Saturday 26 December 2020

Francis Askew and his brother Charles

 

Francis Askew
Francis Askew was one of the great and the good of Hull.  As a trustee of the Charterhouse he is of interest to us.  And his connection goes further than that.

Francis was born in Shoreditch, London, in 1855.  He was one of 6 children, his brother Charles being the oldest.  Both brothers were in Hull by 1881.  Francis went into the printing trade, and he also entered public life, serving in various societies and on charitable projects.  By 1912 he was an Alderman and, in 1916, he became the city's first Labour Lord Mayor.  Like Charles, he was a pillar of the Methodist church.

We don't know when he became a trustee of the Charterhouse but he took that role by 1910.  In December 1910 he caused a stir at a trustees' meeting.  Askew “stated that on a recent Sunday he had occasion to visit a friend of his, who was an inmate of the Charterhouse, in response to a request to do so, and found that on reaching the Charterhouse the front gate was chained and locked, and that he was unable to gain admission until, as he learned some considerable time after, a service was concluded and the gate was unlocked. Mr. Askew said that he understood that it was the regular practice to stop all means of ingress and egress at the Charterhouse during a service in the Chapel.” The Master [William Hay Fea] was to be asked for his observations. Fea replied, in a letter, that it had been the practice for many years. All the inmates were required to attend services unless excused by the Master. The front door of the Hospital and Chapel opened almost directly onto the street, so locking the door was for the “safety and comfort of the sick and infirm” (who were, presumably left alone during the service) and to prevent interruption from outside. “..... boys and youths of the neighbourhood frequently entered the forecourt to do damage, steal the flowers or make a disturbance by hammering loudly on the front door and then running away.” The Trustees decided that the practice of locking up the Charterhouse was undesirable and must stop.  Fea tried to fight the decision but lost.  It might be significant in light of later events that Askew had a personal friend in the Charterhouse.

Charles Aldis Askew was born on 30 January 1853.  He married Maria Burden in Lewisham in 1878 and, like his brother, appears on the 1881 census in Hull, living at 12 Crystal Terrace, Southcoates.  He was a machine fitter's labourer.  By 1891 the couple had moved to Newington St, Hawthorne Ave, and had a son, Henry, who seems to have been their only child.  Charles had become a machine driller.  Twenty years later Henry had moved out but nothing else had changed.  Charles, unlike his brother, stayed out of the limelight.  There is no record of any involvement in politics or in public service except for a report in the Hull Daily Mail on 16 June 1897, where he is listed as present at a half-yearly meeting of the Hull Savings Bank board (though not as a trustee).  At some point in the 1930s he was admitted to the Charterhouse.  He is listed there in the 1939 electoral register, but not in 1926.  

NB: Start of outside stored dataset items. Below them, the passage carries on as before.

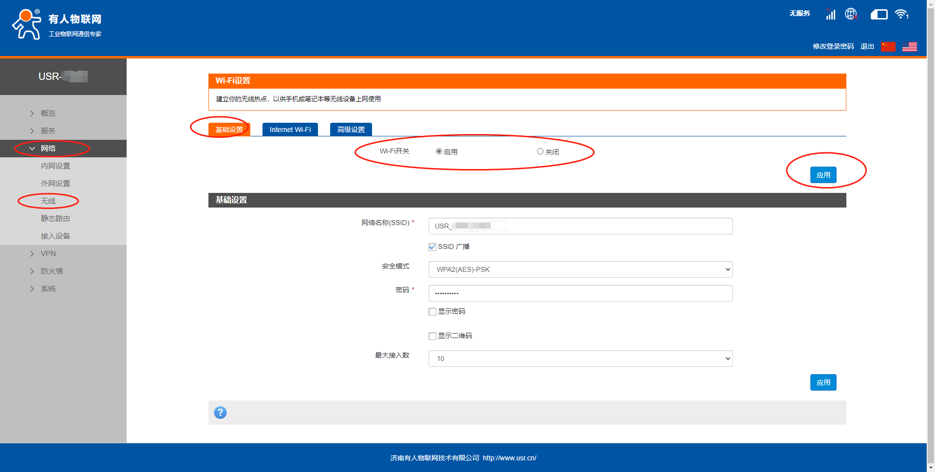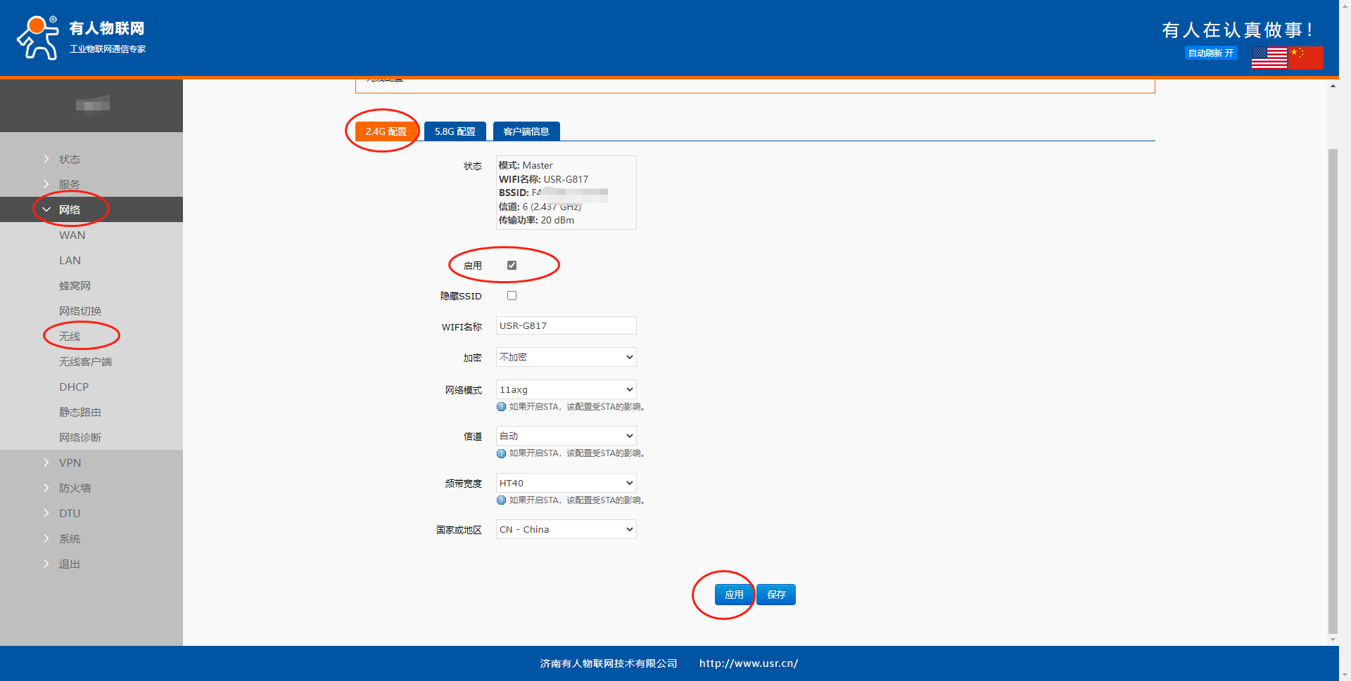 G805(包括RM02、RM03)系列:網(wǎng)絡(luò)--無線--基礎(chǔ)設(shè)置--WIFI開關(guān)--應(yīng)用
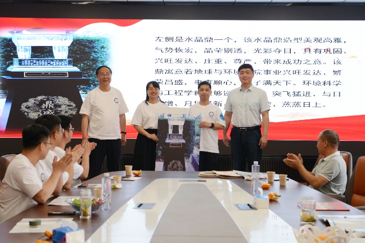 捐赠仪式上,ET实验室研究生校友向91黑料捐赠水晶鼎,表达对91黑料发展的美好期盼和祝福。
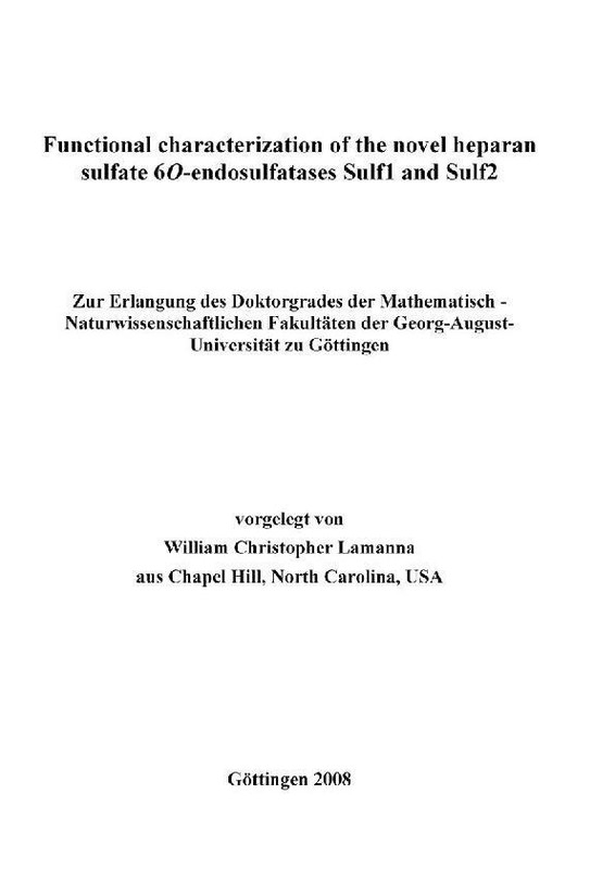 Functional characterization of the novel heparan sulfate 6O-endosulfatases Sulf1 and Sulf2 (e-book) (used book) | bookbook.eu
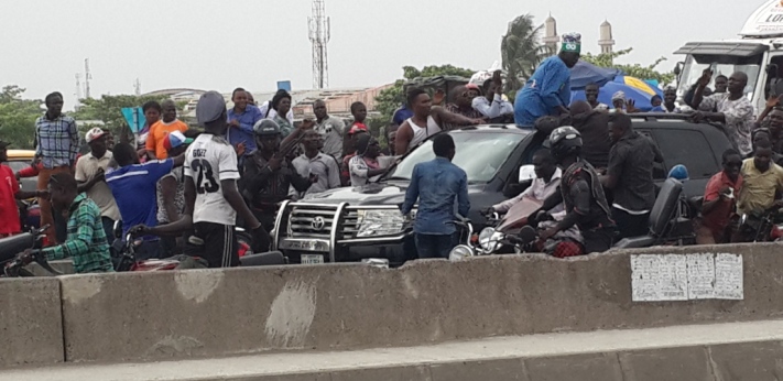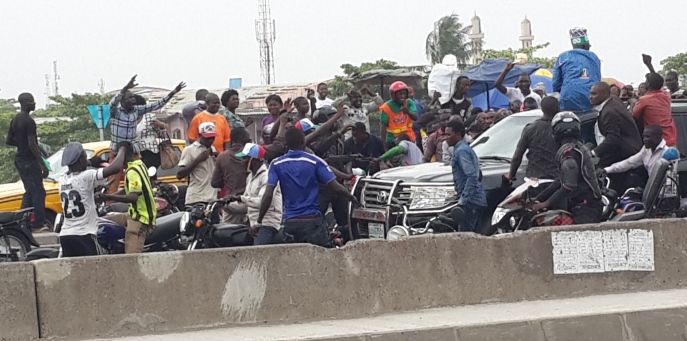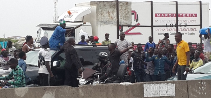 Motorists and commuters stopped to have glimpse of the generalissimo of Lagos politics. Tinubu was coming from APC Governorship rally at Amuwo Odofin Local Government.

Did his relationship with Francis have anything to do with his admission?  Probably.  Francis died in 1940, but Charles was blessed with longevity.  

The Hull Daily Mail of 24 July 1947 reports on a party at the Charterhouse with 95-year-old Charles as the oldest guest.  But in the next few years he moved out, to Dunbar House, a retirement home on Saltshouse Road.  It's not clear why.  Perhaps it could provide a level of care which was not possible at the Charterhouse.  It was at Dunbar House that he celebrated his 100th birthday, as the Daily Mirror reported on 30 January 1953.
He had moved again by the time of his death on 27 March 1954, to Hugh Webster House on St Luke's St, a nursing home.  

Charles left £262 11s 1d (over £6,000 in today's values) in his will to his son Henry, a retired headmaster.  


Because Charles Askew had moved out of the Charterhouse by the time of his death we cannot claim him as our only known centenarian.  But his story, with that of his brother, sheds light on our 20th century story.